• Why was the author interested in investigating the suicide problem in Thailand during the time?
The author was interested in investigating the suicide problem in Thailand primarily because the suicide rate was increasing over the years. The author aimed to examine whether there was an association between economic and social factors and the rising suicide rates. Additionally, the author wanted to explore the economic perspectives as a means to combat the issue of suicide.
• Each of students picks one potential risk factor mentioned in the paper and explains how the variable can contribute to the suicide rate?

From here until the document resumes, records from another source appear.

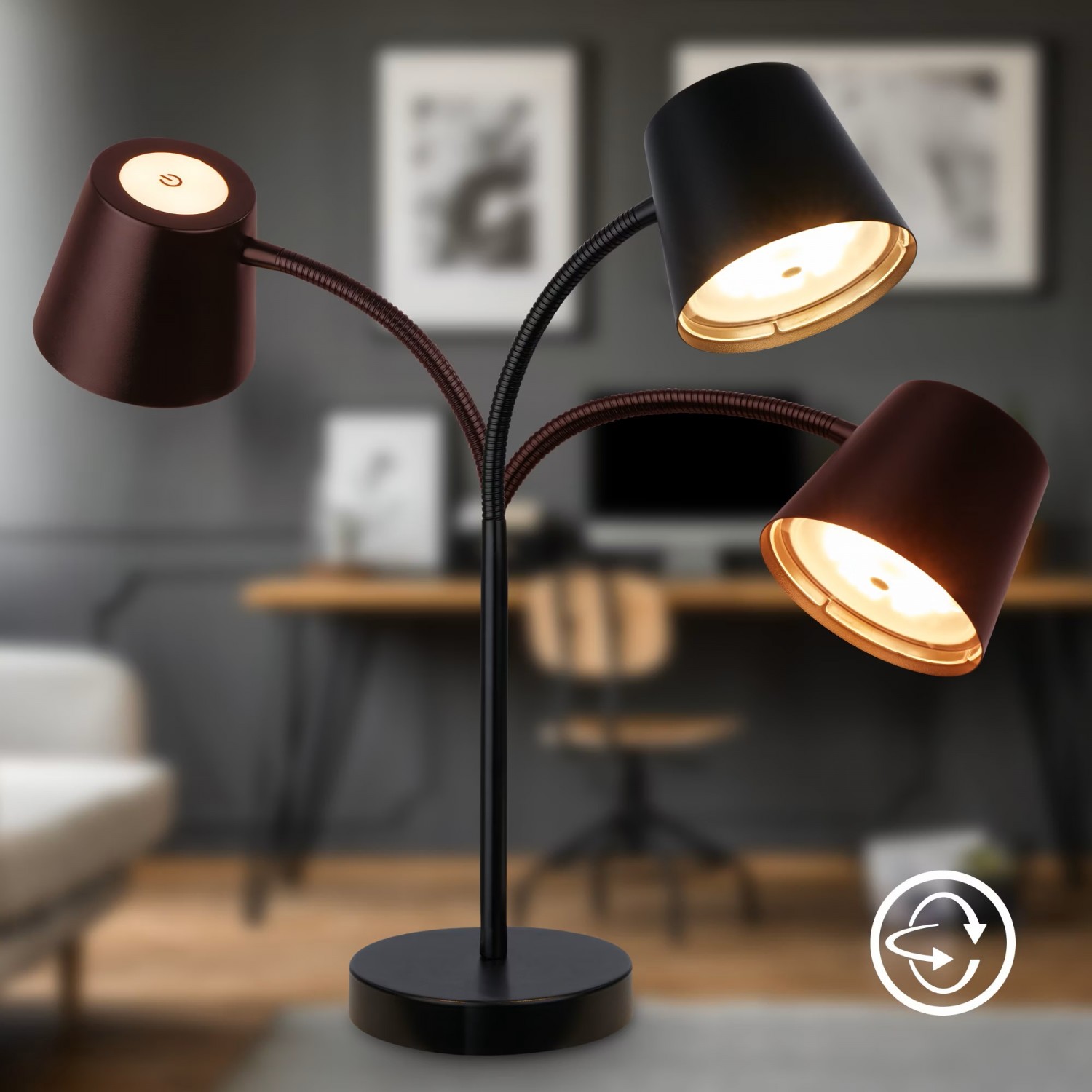 Briloner Biwo LED galda lampa (modelis 7502016) ir bezvadu, regulējama un grozāma balta lampa. Tā piedāvā elastīgu apgaismojumu, ko var pielāgot dažādām vajadzībām. Lampa ir aprīkota ar iebūvētu akumulatoru, kas nodrošina mobilitāti un ērtu lietošanu bez nepieciešamības pēc pastāvīga strāvas avota. Regulējamā spilgtuma funkcija ļauj pielāgot apgaismojumu atbilstoši vēlamajai atmosfērai. Grozāmais dizains nodrošina gaismas virziena pielāgošanu, padarot to piemērotu dažādām darbībām, piemēram, lasīšanai vai darbam.
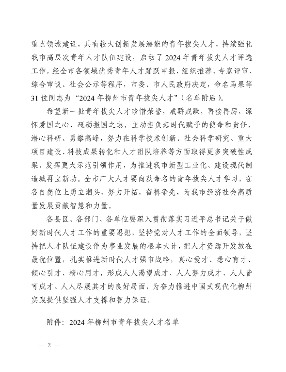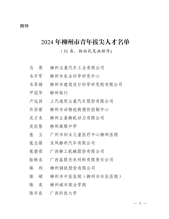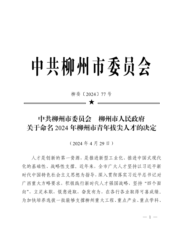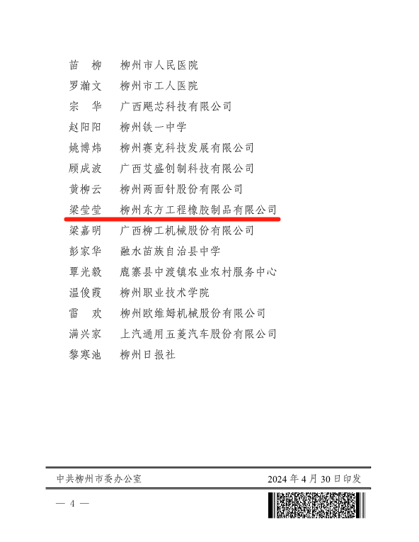 此外,4月30日,经市委、市政府同意,柳州市31位同志获评为2024年柳州市青年拔尖人才,我区柳州东方工程橡胶制品有限公司结构分析所所长梁莹莹获评“柳州市青年拔尖人才”。
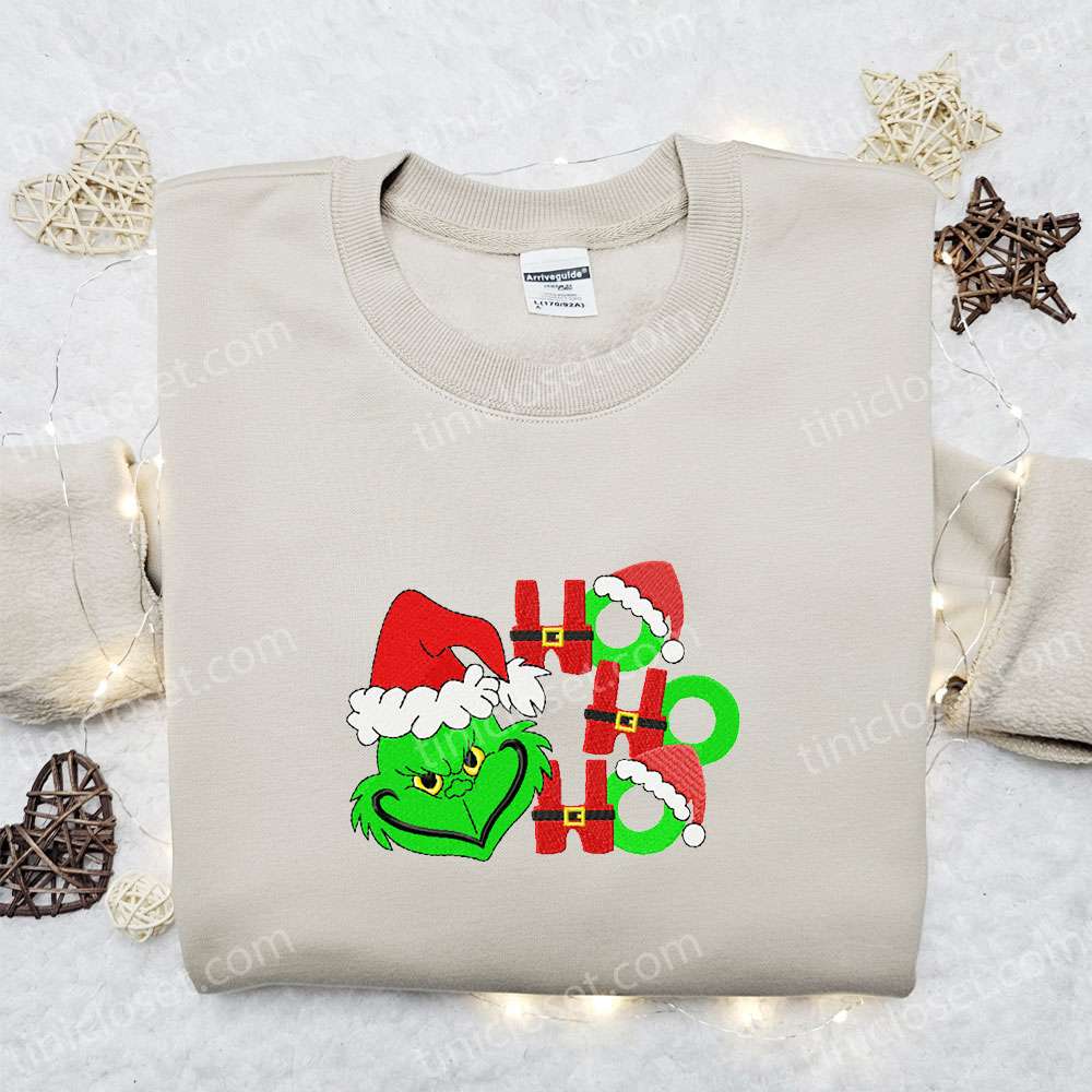 Grinch Ho Ho Ho Embroidered Shirt, Christmas Embroidered Hoodie, Best Gifts For Family

The study found that the level of alcohol consumption was significantly associated with higher suicide rates in Thailand. Additionally, alcohol consumption among young people contributed to increased suicide rates, a pattern commonly observed in earlier research. Alcohol can impair one’s ability to control actions and judgment. The government could address this issue by implementing policies that target alcohol addiction, such as introducing community-based addiction treatment programs. Moreover, enforcing a ban on alcohol consumption among young adults, accompanied by appropriate fines, could also be effective.
• How statistical modeling can contribute to investigate the epidemiology and spatial aspects of Thai suicide problem?

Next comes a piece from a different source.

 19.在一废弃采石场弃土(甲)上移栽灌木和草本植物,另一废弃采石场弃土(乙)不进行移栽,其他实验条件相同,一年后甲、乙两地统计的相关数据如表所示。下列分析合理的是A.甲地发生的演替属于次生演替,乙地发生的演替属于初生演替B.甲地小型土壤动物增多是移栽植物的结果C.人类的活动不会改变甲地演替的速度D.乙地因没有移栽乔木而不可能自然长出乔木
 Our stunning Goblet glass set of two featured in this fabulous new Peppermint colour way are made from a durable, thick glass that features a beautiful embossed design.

Statistical modeling provides a scientific and logical approach to identifying factors related to suicide. In this case, the author employed multiple regression analysis to examine the relationship between social and economic factors and suicide rates. This method allows for the assessment of how various factors, such as household income, debt, expenditure, alcohol consumption, population density, divorce rates, and unemployment rates, are associated with suicide rates.
Spatially, the author utilized provincial-level data to explore these relationships. By analyzing regional variations in social and economic variables, the study aimed to determine which demographic areas are at higher risk for suicide. This spatial analysis helps in identifying regions with elevated suicide rates and allows for targeted policy interventions and resource allocation to address the specific needs of those areas.